MO: Hi, everyone. Again, I'm Mark O'Donnell, Director of IRS Employee Plans Customer Education and Outreach. Welcome to our phone forum on our Hurricane Sandy relief. Today we'll be hearing from Eric Slack, Acting Manager of Employee Plans Technical Guidance. Eric will discuss Announcement 2012-44 and the relief it provides for those affected by Hurricane Sandy. Before we start I'd like to point out a couple of things. Everyone registered for this forum will receive a certificate of completion by email in about a week, as long as you attend the entire live forum. Enrolled agents, enrolled retirement plan agents and enrolled actuaries are entitled to continuing education credits for this session. Other types of tax professionals should consult their licensing organization to see if today's session qualifies for continuing education credit. As with all our presentations, the comments expressed by our speakers should not be construed as formal guidance from the IRS. The comments expressed by our speakers should not be construed as formal guidance from the IRS.
For more information on Hurricane Sandy relief, visit our retirement plan's web site at www.irs.gov/retirement. That's www.irs.gov/retirement, and select "Hurricane Sandy Relief." While visiting our web site, I'd like to encourage you to check out our free online electronic newsletters. To subscribe, just select "Newsletters" on our landing page. There you can subscribe to future editions and browse past editions of the Retirement News for Employers, our newsletter for plan sponsors and their advisors, and Employee Plans News, which is directed at retirement plans professionals.
So without further delay, here's Eric Slack.
ES: Thank you very much, Mark.
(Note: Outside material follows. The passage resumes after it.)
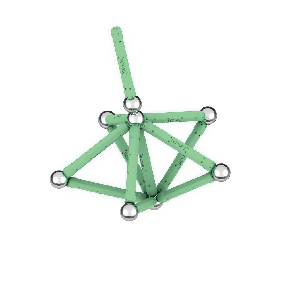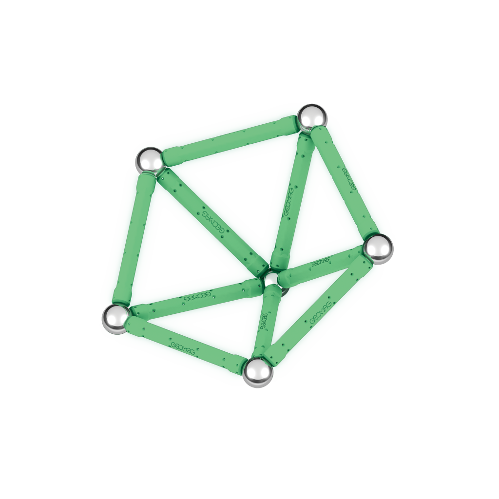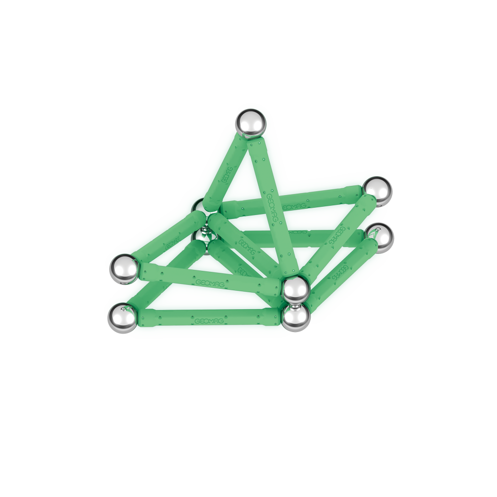 Geomag Glow 25 dílků je magnetická stavebnice, která přináší inovativní zážitek díky svítícím tyčkám, které ve tmě září. Tento unikátní efekt podtrhuje kreativní možnosti konstrukcí a zároveň zvyšuje atraktivitu hry. Sada obsahuje celkem 25 dílků – dvanáct svítících magnetických tyček, dvanáct kovových kuliček a jeden černý stabilní podstavec ve tvaru čtverce, který slouží jako pevná základna pro stavbu různých 3D struktur.

One of the things I wanted to start out was, I'm the Acting Manager of Employee Plans Technical Guidance Group 1. I didn't want to do that, I didn't want to disabuse Mark of that until after I got the credit, you know, for being a much bigger shot than I really am. So I wanted to make sure that got on the table, but now I'll go ahead and correct it. But in any event I am with Employee Plans Technical Guidance and we did issue this guidance, and there is a number of questions that have come up. And so I think the format for today, what we'll try to do is everyone should have the PowerPoint presentation available; we'll kind of walk through that. Now, I think just by walking through that, we're going to answer a lot of questions that people have, and that, a lot of the question that we've, that have been submitted. We've had nearly a hundred questions, individual questions, submitted thus far, and I anticipate we'll receive even more as we go along. Hopefully I'm not raising new issues with our conversation here today, but in any event I'm happy to continue to answer some of these questions as they, as they come up. So we'll go through the PowerPoint and we'll discuss some of these aspects of the guidance and some of the things that ought to be kept in mind as you or these plan sponsors or employers begin to try to take advantage of the relief provided. Again, some of the questions will be answered. But in the event that they aren't', I've gone ahead and categorized the questions into about six boxes and six basic types of question. And we'll walk through those specifically and maybe give a little more, a more detailed, a little more rationale for, for some of, answers to some of these questions. So, but in any event, if the answers don't come through the PowerPoint discussion, or through the discussion of the six basic general questions at the end, feel free to contact Retirement Plans Questions at irs.gov, and keep those questions coming. We, you know, again, I, we're more than happy to get answers back, and if I see something, especially something that we haven't touched on here, we'll definitely look to get you an answer sooner rather than later. Definitely because of the situation that this guidance lends itself to.
So I'd like to add, on to the third slide of the PowerPoint, feel free to contact us with any questions that you have. If you felt that something was still unclear, let us know so we can get an answer out to you.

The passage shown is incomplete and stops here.